» **EXERCISE DIRECTIONS**:
Copy, word for word, the lines below from the one containing "Elevate your everyday" up to and including the one containing "Sofia Goggia a", with pictures left out.

» **RECORDS FOR PROCESSING**:
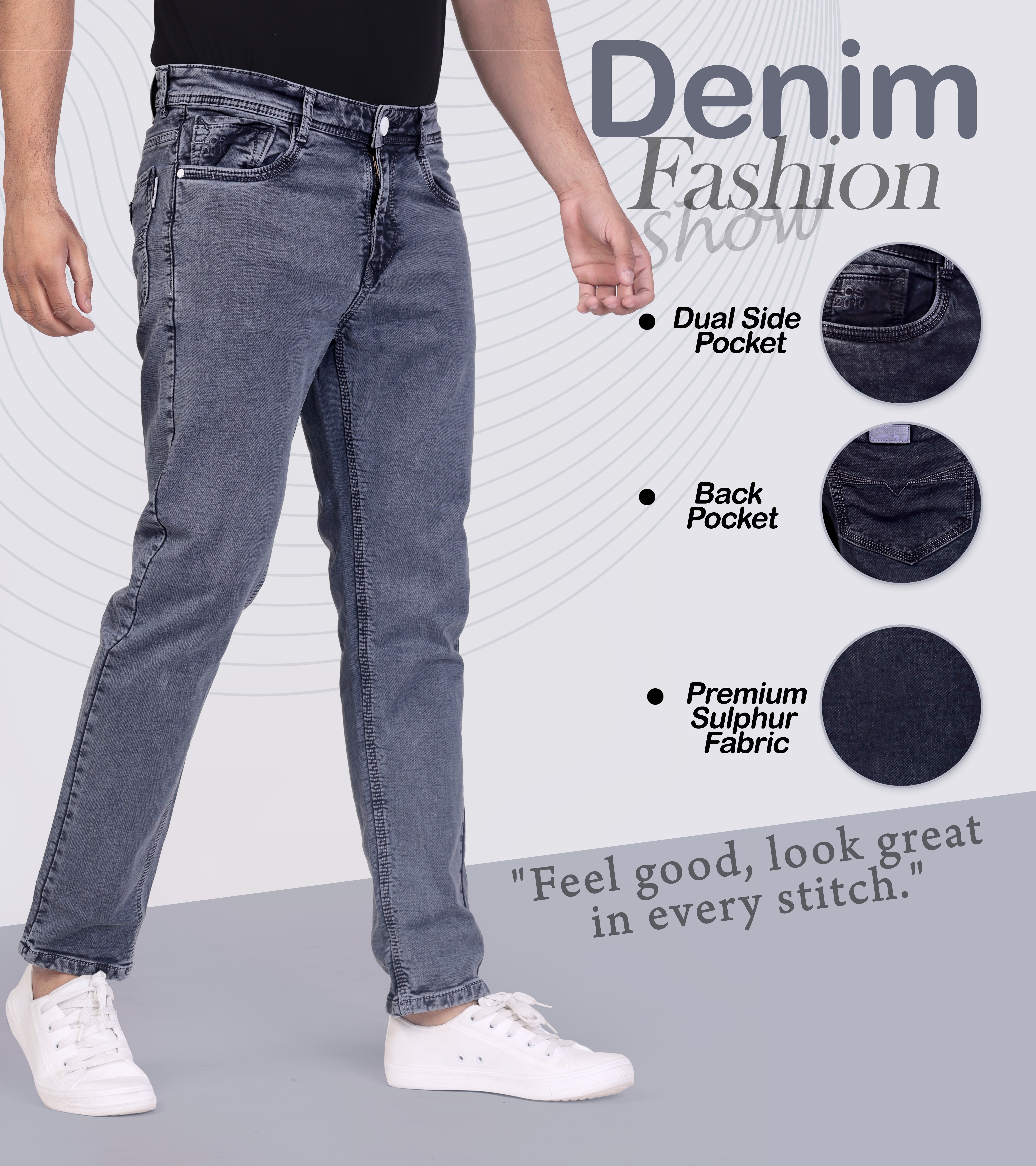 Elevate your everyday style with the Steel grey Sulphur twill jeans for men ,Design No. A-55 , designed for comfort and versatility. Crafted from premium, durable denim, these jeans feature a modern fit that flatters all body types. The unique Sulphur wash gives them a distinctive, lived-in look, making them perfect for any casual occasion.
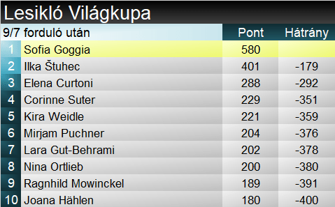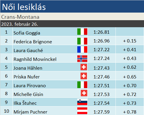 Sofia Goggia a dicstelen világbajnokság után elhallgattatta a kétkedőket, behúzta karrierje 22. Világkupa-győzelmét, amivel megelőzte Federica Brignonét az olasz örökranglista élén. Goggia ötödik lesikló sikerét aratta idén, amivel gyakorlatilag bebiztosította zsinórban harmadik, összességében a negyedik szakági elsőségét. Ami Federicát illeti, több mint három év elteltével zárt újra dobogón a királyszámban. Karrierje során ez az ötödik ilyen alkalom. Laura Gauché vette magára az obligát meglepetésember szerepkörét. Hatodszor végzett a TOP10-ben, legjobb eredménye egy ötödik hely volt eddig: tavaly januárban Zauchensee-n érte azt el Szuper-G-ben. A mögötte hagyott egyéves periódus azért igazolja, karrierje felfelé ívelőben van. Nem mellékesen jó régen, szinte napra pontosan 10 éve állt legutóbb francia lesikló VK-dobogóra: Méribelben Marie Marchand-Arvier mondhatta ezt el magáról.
...
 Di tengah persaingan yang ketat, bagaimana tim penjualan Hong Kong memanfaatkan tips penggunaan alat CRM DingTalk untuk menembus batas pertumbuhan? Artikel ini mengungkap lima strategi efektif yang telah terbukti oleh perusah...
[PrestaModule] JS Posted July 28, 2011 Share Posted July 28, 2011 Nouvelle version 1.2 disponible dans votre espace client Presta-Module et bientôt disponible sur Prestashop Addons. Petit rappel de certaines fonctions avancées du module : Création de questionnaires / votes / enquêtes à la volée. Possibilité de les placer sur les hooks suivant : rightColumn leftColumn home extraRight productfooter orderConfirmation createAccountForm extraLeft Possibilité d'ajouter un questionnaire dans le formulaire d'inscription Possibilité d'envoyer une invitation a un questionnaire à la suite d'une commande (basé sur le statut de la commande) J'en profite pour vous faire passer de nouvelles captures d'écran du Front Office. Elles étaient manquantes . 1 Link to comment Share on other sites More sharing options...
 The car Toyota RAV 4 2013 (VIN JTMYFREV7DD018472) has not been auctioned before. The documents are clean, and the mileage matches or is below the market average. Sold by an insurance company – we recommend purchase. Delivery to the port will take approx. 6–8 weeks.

» **TASK RESPONSE**:
 Elevate your everyday style with the Steel grey Sulphur twill jeans for men ,Design No. A-55 , designed for comfort and versatility. Crafted from premium, durable denim, these jeans feature a modern fit that flatters all body types. The unique Sulphur wash gives them a distinctive, lived-in look, making them perfect for any casual occasion.
 Sofia Goggia a dicstelen világbajnokság után elhallgattatta a kétkedőket, behúzta karrierje 22. Világkupa-győzelmét, amivel megelőzte Federica Brignonét az olasz örökranglista élén. Goggia ötödik lesikló sikerét aratta idén, amivel gyakorlatilag bebiztosította zsinórban harmadik, összességében a negyedik szakági elsőségét. Ami Federicát illeti, több mint három év elteltével zárt újra dobogón a királyszámban. Karrierje során ez az ötödik ilyen alkalom. Laura Gauché vette magára az obligát meglepetésember szerepkörét. Hatodszor végzett a TOP10-ben, legjobb eredménye egy ötödik hely volt eddig: tavaly januárban Zauchensee-n érte azt el Szuper-G-ben. A mögötte hagyott egyéves periódus azért igazolja, karrierje felfelé ívelőben van. Nem mellékesen jó régen, szinte napra pontosan 10 éve állt legutóbb francia lesikló VK-dobogóra: Méribelben Marie Marchand-Arvier mondhatta ezt el magáról.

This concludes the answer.